# "The Bride" Tutorial Links



## Lauriebeast (Feb 27, 2007)

Well guys, I finally have the tutorial for ya. Here are the links....it's in 6 parts.

http://halloweenforum.com/showthread.php?t=62175
http://halloweenforum.com/showthread.php?t=62177
http://halloweenforum.com/showthread.php?t=62179
http://halloweenforum.com/showthread.php?t=63288
http://halloweenforum.com/showthread.php?t=63289
http://halloweenforum.com/showthread.php?t=63291
PM me if you have any questions.


----------



## playfx (Mar 10, 2007)

Great tutorial LB, how much money do you think you have in supplies for this project? Any way you look at it, its money well spent!!


----------



## Ms. Wicked (Nov 14, 2006)

Thanks for taking the time to put that together.
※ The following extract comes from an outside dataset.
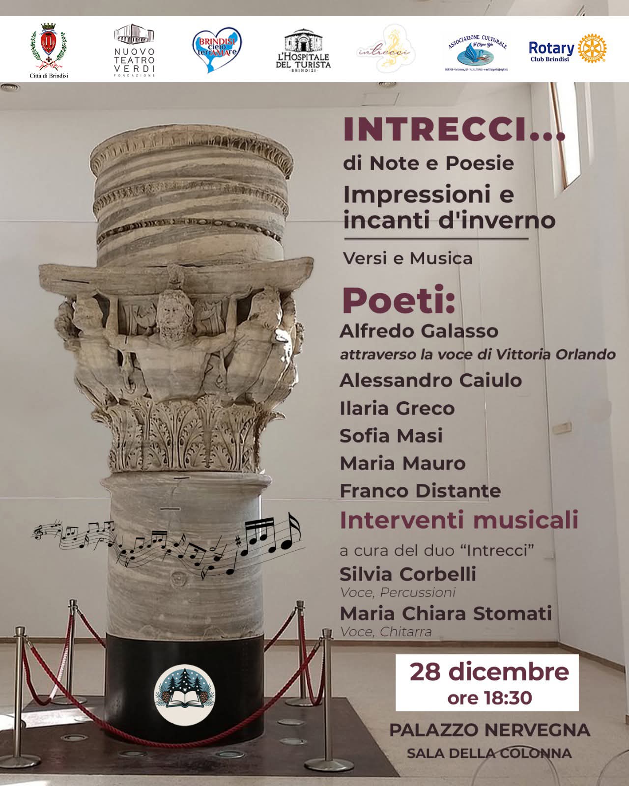 Con il duo musicale “Intrecci”, formato da Silvia Corbelli e Maria Chiara Stomati, e le associazioni culturali “Brindisi AMA tra cielo terra e mare” e “Il Cigno Blu”, letture poetiche a cura di Sofia Masi, Ilaria Greco, Maria Mauro, Alessandro Caiulo e Franco Distante, con un passaggio dedicato ai versi del poeta brindisino Alfredo Galasso nella voce dell’attrice Vittoria Orlando.

I have to confess that I also had fun looking at all of your stuff in the background: other sculps, pictures, boxes of supplies, LOL.


----------



## Sickie Ickie (Jun 20, 2006)

All that much more respect when seeing what went into it! Thanks!


----------



## Haunted Bayou (Feb 16, 2007)

Great tutorial.
I don't know why I didn't notice her uvula before. Nice touch!


----------



## Sickie Ickie (Jun 20, 2006)

If you see her uvula, you know she's a girl. hehehehhehehehheeeeee


----------



## Ghoulbug (Apr 24, 2007)

omg that looks awesome!! Such talent!!!!!


----------



## Dr Morbius (Sep 21, 2004)

Nice How-to, LB!!


----------



## Lauriebeast (Feb 27, 2007)

Thanks everyone, and please let me know if you have any questions.


----------



## Ghoul Friday (Oct 6, 2007)

That is, hands down, the best prop I have seen this season. Genius. Good for you. I'd keep her up year round.


----------



## HalloweenRick (Nov 25, 2005)

Great Work Lauriebeast!


----------



## THeme ssaGE (Jul 16, 2006)

wow. I'm left speechless. Thanks for photo-documenting your creation, which is nothing short of inspiring.

-newbie


----------



## Silent Requiem (Feb 17, 2008)

You are so talented i just can't express it! You have inspired me to try a whole series of full body statues using the Celluclay/paperclay shell.


----------



## beelce (Jul 21, 2007)

WOW Laurie you are a master...very inspirational...amazing how smooth your skin textures are. Thanks for sharing


----------



## RAWR (Apr 4, 2008)

so good amazing


----------



## Lilly (Jun 13, 2006)

I am far behind on this..
as always great tutorial on a great prop


----------



## tonguesandwich (Oct 13, 2006)

Awesome LB.... you are super talented. I have taught art since 91 and you rank with the best!


----------



## Sickie Ickie (Jun 20, 2006)

You don't look a day over 90 TS.


----------



## tonguesandwich (Oct 13, 2006)

Thanks Sickie....


----------



## jabberwocky (Apr 30, 2008)

Do you take requests?


----------



## DeathTouch (Sep 6, 2005)

That is awesome!


----------



## HouseBloodthorn (Aug 16, 2007)

I can't even BEGIN to praise this enough. A great tutorial and absolutely AMAZING work. First rate.


----------



## DSTRONG61 (Jul 8, 2008)

I can't believe this is so realistic! I about fell out of my chair. My hat is truely off to you! Just amazing. The details in my hands are where my props suck how did you get foam to look so real? I saw you tutorial but really it doesn't give you enough credit for your God given talent. I love this prop! Is it very heavy? Are you a sculptor by profession? Just simply amazing! I wish I could have been there while you were making her. But will enjoy her anyway.
Denise


----------



## DSTRONG61 (Jul 8, 2008)

This has wowed me to no end! simply fantastic!
Can't compare to your talent!
Denise


----------